Ce n’est un secret pour personne que les marchés de Conakry sont des endroits très sales. Mais, la réalité est beaucoup plus triste et déplorable au niveau du marché d’Enta dans la commune de Matoto. Sur place, de nombreuses vendeuses font leur petit commerce dans les tas d’immondices. Ces dames disent être obligées de s’asseoir sur les lieux et les autorités du marché se montrent impuissantes face à cette situation, a constaté un reporter de Guineematin.com qui s’est rendu sur place.

La réalité est triste, mais elle tend à passer inaperçue, puisque devenue habituelle. Chaque jour, plusieurs dizaines de femmes viennent étaler leurs condiments aux abords d’une véritable montagne d’ordures avec ses odeurs nauséabondes et les mouches qui tournent autour. Certaines vendeuses s’asseyent même sur les immondices pour vendre. La situation est difficile à vivre mais ces dames en sont bien habituées.

Kadiatou Fofana

Et elles ne sont pas prêtes à quitter les lieux. Car, même si elles se plaignent de cette situation, elles se disent obligées de faire avec. « Avant, cet endroit était propre. Et même actuellement, le dernier samedi de chaque mois, des gens viennent ramasser toutes les ordures qui sont là, mais c’est la nuit que d’autres personnes viennent déverser encore des ordures ici. Moi, j’étais à l’intérieur du marché, mais ils nous ont dit de quitter parce qu’ils veulent construire des bâtiments là-bas, c’est pourquoi je suis là. Je m’assois ici pour subvenir aux besoins de ma famille. Nous souffrons beaucoup ici, mais n’avons pas le choix », explique Kadiatou Fofana, cheffe des vendeuses.

Fanta Condé

Tout comme elle, Fanta Condé, une autre vendeuse, dit n’avoir pour l’heure aucun autre choix que de rester sur les lieux. « Ce n’est pas notre choix de nous asseoir à côté des ordures pour vendre. Nous nous asseyons ici parce qu’on n’a pas de place. Quand nous payons nos taxes, ils disent qu’ils vont venir ramasser les ordures, mais on ne les voit pas », a-t-elle confié.

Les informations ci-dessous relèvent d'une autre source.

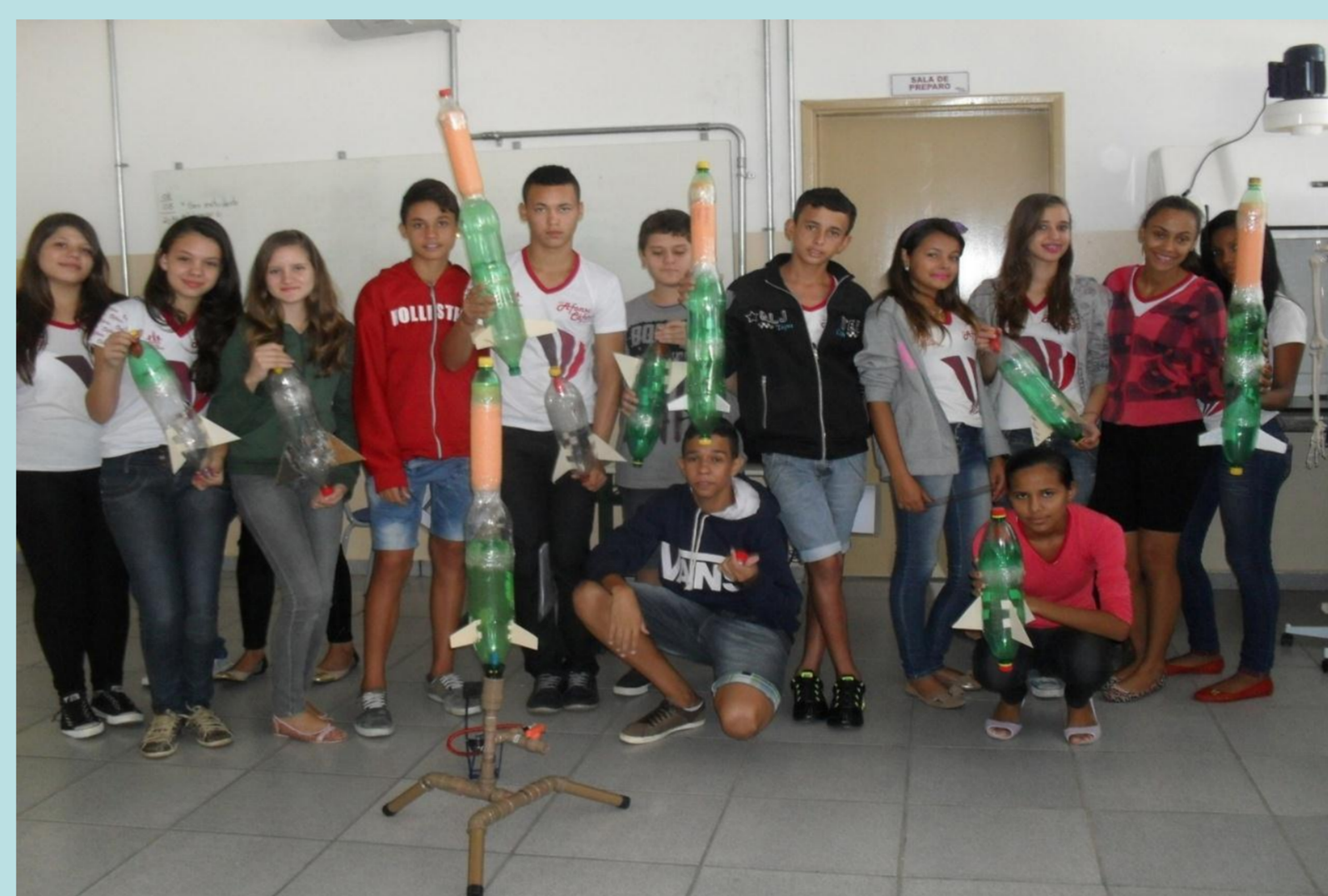
Evidências da participação dos alunos em 09/04/2014.

De leur côté, les autorités du marché se disent lassées de s’occuper de cette affaire. Hadja Hawa Condé, l’admiratrice du marché d’Enta, dit avoir tout fait pour que les vendeuses quittent les lieux où se trouve le dépotoir, mais sans succès.

Hadja Hawa Condé

Aujourd’hui, elle se dit impuissante face à cette situation. « Ce n’est pas moi qui les ai installées là-bas, ce sont elles-mêmes qui sont allées s’installer sur les lieux. Et nous avons tout fait pour qu’elles quittent là-bas, mais en vain. Une équipe est allée ramasser leurs bagages pour les envoyer ici (au bureau de l’administration du marché), impossible, les policiers sont venus les déguerpir, impossible. Qu’est-ce que moi je peux faire si les militaires, les policiers, sont fatigués ? Dès que tu touches une d’entre elle, elle te dit : mon mari ne travaille pas, mon fils a fini d’étudier il n’a pas trouvé du travail. Qu’est-ce que je peux faire en tant que femme ? Vraiment je n’ai pas de solution pour ça », a dit la responsable du marché.

Pour les vendeuses en tout cas, la solution n’est pas de les déguerpir mais plutôt de déplacer le dépotoir d’ordures. Toutes celles qui ont accepté de nous parler ont plaidé pour une telle démarche.